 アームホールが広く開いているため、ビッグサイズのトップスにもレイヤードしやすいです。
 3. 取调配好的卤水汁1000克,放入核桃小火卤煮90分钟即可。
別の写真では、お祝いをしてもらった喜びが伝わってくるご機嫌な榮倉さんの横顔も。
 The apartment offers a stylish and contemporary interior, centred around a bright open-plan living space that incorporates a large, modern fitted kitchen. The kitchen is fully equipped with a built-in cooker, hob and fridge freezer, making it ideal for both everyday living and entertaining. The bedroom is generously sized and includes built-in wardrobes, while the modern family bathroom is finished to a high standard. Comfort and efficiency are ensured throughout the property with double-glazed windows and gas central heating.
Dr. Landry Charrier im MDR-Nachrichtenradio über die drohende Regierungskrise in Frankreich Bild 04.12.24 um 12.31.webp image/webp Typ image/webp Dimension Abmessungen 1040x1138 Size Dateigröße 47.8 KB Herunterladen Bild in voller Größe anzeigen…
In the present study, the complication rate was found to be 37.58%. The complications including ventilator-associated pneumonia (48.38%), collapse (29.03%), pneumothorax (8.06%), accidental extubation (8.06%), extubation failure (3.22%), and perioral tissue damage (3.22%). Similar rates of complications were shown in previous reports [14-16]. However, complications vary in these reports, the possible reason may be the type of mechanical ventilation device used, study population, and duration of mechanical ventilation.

==

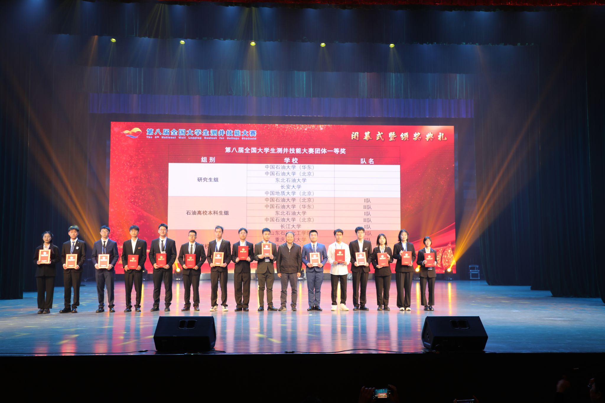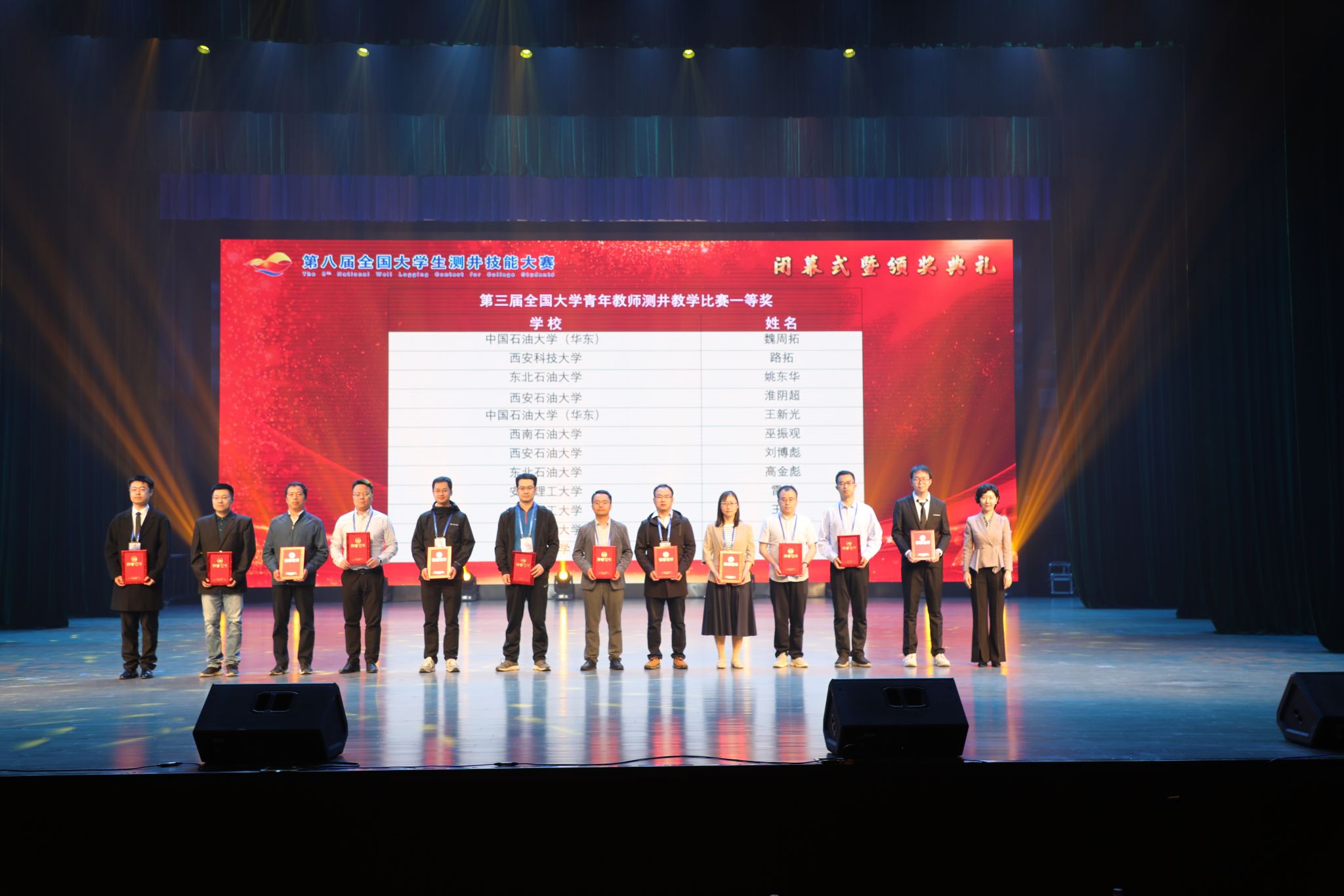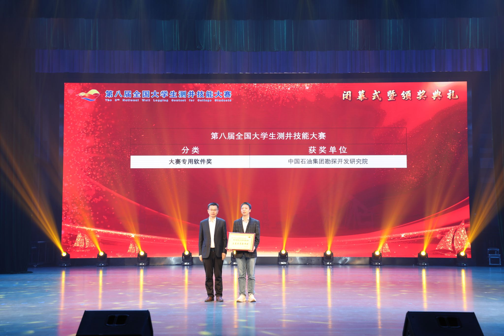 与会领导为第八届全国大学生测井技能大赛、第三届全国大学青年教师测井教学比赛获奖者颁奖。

● **Exercise aim**: Both end lines included, restate word for word the lines above from the line with "別の写真では、お祝いをしてもらった喜びが伝わってくるご機嫌な榮倉さんの横顔も。" to the line with "In the present", and nothing else.

● **Response to the exercise**:
別の写真では、お祝いをしてもらった喜びが伝わってくるご機嫌な榮倉さんの横顔も。
 The apartment offers a stylish and contemporary interior, centred around a bright open-plan living space that incorporates a large, modern fitted kitchen. The kitchen is fully equipped with a built-in cooker, hob and fridge freezer, making it ideal for both everyday living and entertaining. The bedroom is generously sized and includes built-in wardrobes, while the modern family bathroom is finished to a high standard. Comfort and efficiency are ensured throughout the property with double-glazed windows and gas central heating.
Dr. Landry Charrier im MDR-Nachrichtenradio über die drohende Regierungskrise in Frankreich Bild 04.12.24 um 12.31.webp image/webp Typ image/webp Dimension Abmessungen 1040x1138 Size Dateigröße 47.8 KB Herunterladen Bild in voller Größe anzeigen…
In the present study, the complication rate was found to be 37.58%. The complications including ventilator-associated pneumonia (48.38%), collapse (29.03%), pneumothorax (8.06%), accidental extubation (8.06%), extubation failure (3.22%), and perioral tissue damage (3.22%). Similar rates of complications were shown in previous reports [14-16]. However, complications vary in these reports, the possible reason may be the type of mechanical ventilation device used, study population, and duration of mechanical ventilation.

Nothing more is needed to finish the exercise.